**The task:** Please return exactly the lines from the top of the data through the line that contains "You will dream", and skip all pictures.

Stored dataset items
[Start of Attachment]

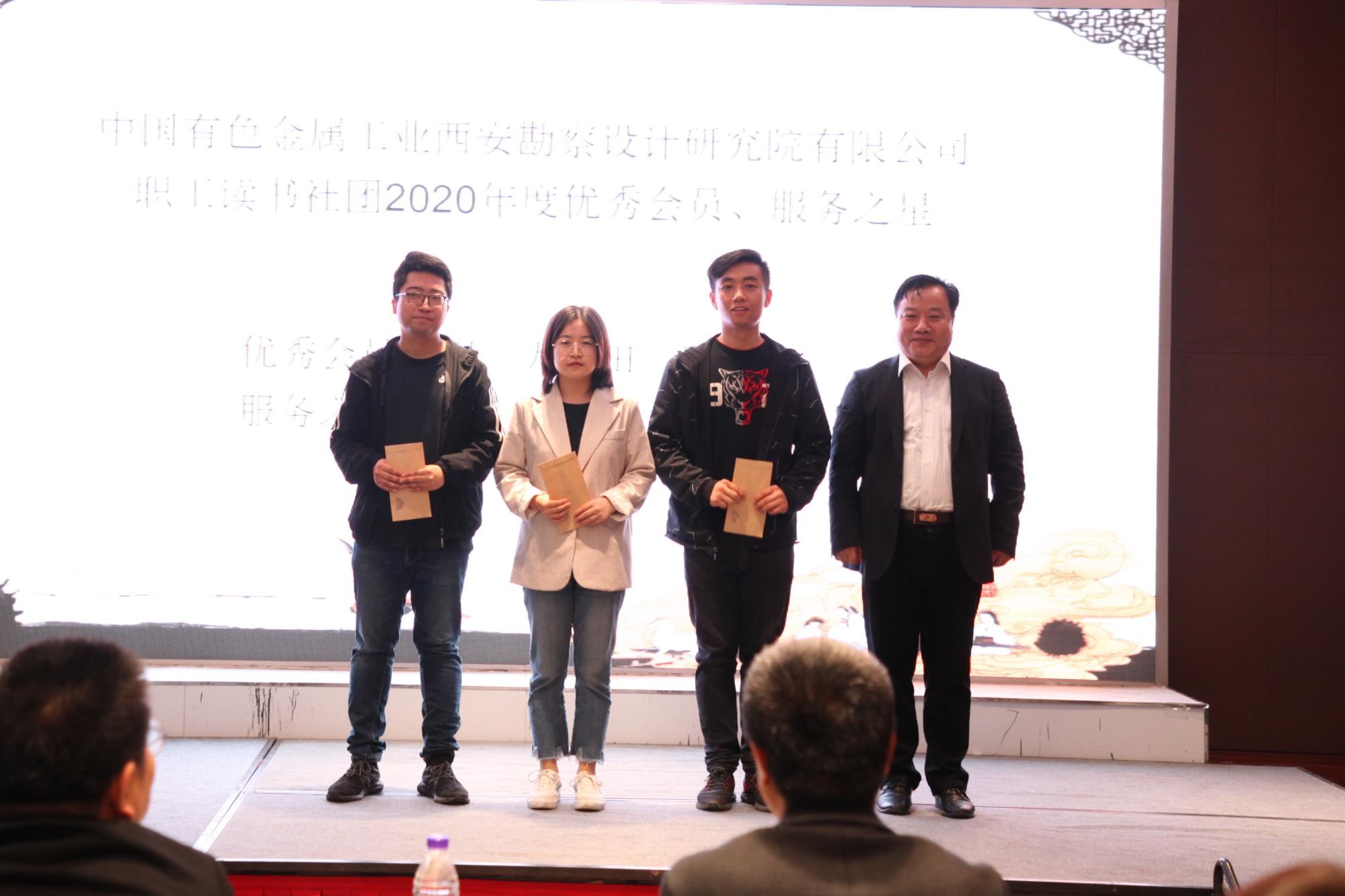 活動分為兩部分,第一部分為讀書社團2020年度總結表彰會。會上,公司副總經理、讀書社團會長董忠級同志為讀書社團西安有色設計院分會進行了授牌。公司紀委書記韓秋分別為獲得優秀會員和服務之星榮譽的會員頒發了榮譽證書。讀書社團有色建設分會、曲江國際飯店分會負責人分別就各分會讀書活動開展情況進行了匯報。社團秘書長許蒙國匯報了2020年度主要工作及2021年重點工作安排。
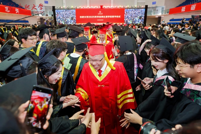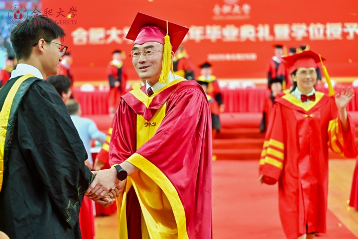 伴随着《祝你一路顺风》的音乐,在一片温馨而热烈的氛围中,校领导、校学位评定委员会成员与毕业生们一一握手送别、合影留念,为本次毕业典礼画上了圆满的句号。
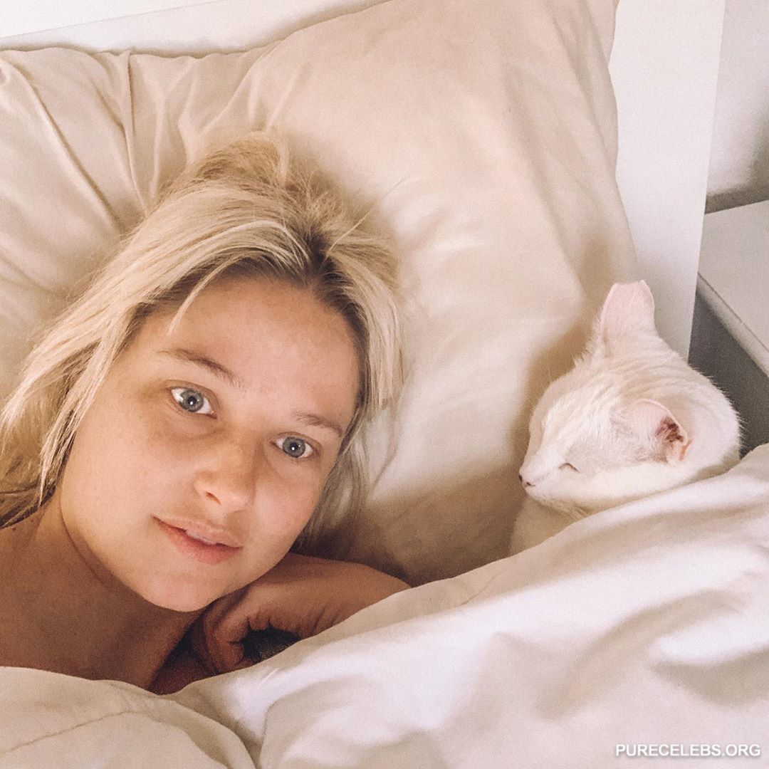 You will dream of the South African model Genevieve Morton after you see her nude photos. This celebrity is not shy about posing in front of the camera in lingerie and completely naked. For example, she looked amazing in black lace underwear and stockings. And her boobs were breathtaking shining through her brown transparent nightie. They were so huge and their nipples so sweet! Also, Genevieve Morton made a selfie nude. True, the girl covered her bare boobs with her hand a little, but it still looked very sexy.
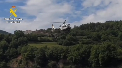 Un minuto más tarde, se comunicaba que una senderista ha sufrido una posible fractura de peroné al caer tras resbalar en la senda del Salto de Roldán (Nueno). Greim de Huesca, Unidad Aérea de Huesca y médico del 061, evacuan en el helicóptero a la mujer de 57 vecna de San Sebastián hasta el Hospital San Jorge.
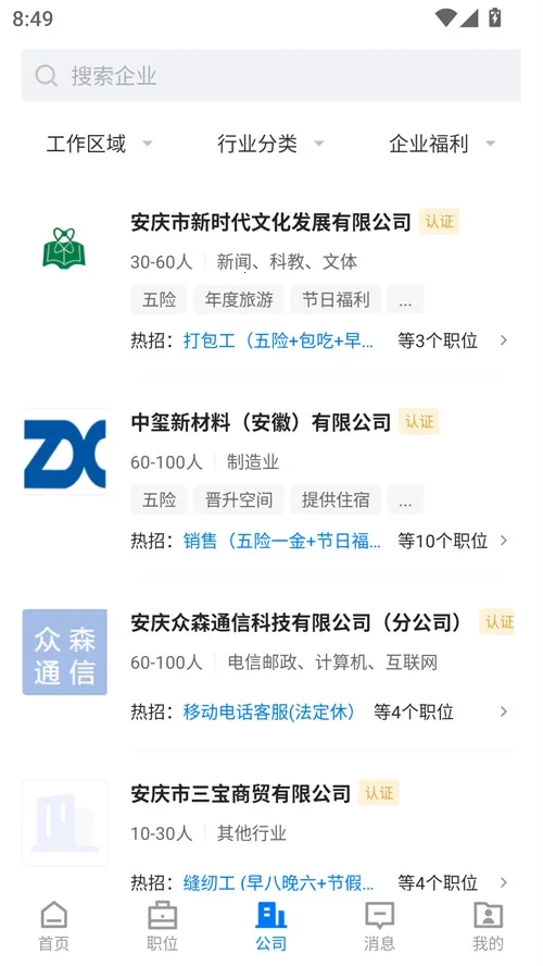 安庆诚聘是安庆地区超赞的头部招聘平台!它借助本土化资源整合与技术创新,打造了求职-招聘-培训全链条服务体系,切实传统招聘信息不对称的难题。

[End of Attachment]

**Solution for this problem:**
 活動分為兩部分,第一部分為讀書社團2020年度總結表彰會。會上,公司副總經理、讀書社團會長董忠級同志為讀書社團西安有色設計院分會進行了授牌。公司紀委書記韓秋分別為獲得優秀會員和服務之星榮譽的會員頒發了榮譽證書。讀書社團有色建設分會、曲江國際飯店分會負責人分別就各分會讀書活動開展情況進行了匯報。社團秘書長許蒙國匯報了2020年度主要工作及2021年重點工作安排。
 伴随着《祝你一路顺风》的音乐,在一片温馨而热烈的氛围中,校领导、校学位评定委员会成员与毕业生们一一握手送别、合影留念,为本次毕业典礼画上了圆满的句号。
 You will dream of the South African model Genevieve Morton after you see her nude photos. This celebrity is not shy about posing in front of the camera in lingerie and completely naked. For example, she looked amazing in black lace underwear and stockings. And her boobs were breathtaking shining through her brown transparent nightie. They were so huge and their nipples so sweet! Also, Genevieve Morton made a selfie nude. True, the girl covered her bare boobs with her hand a little, but it still looked very sexy.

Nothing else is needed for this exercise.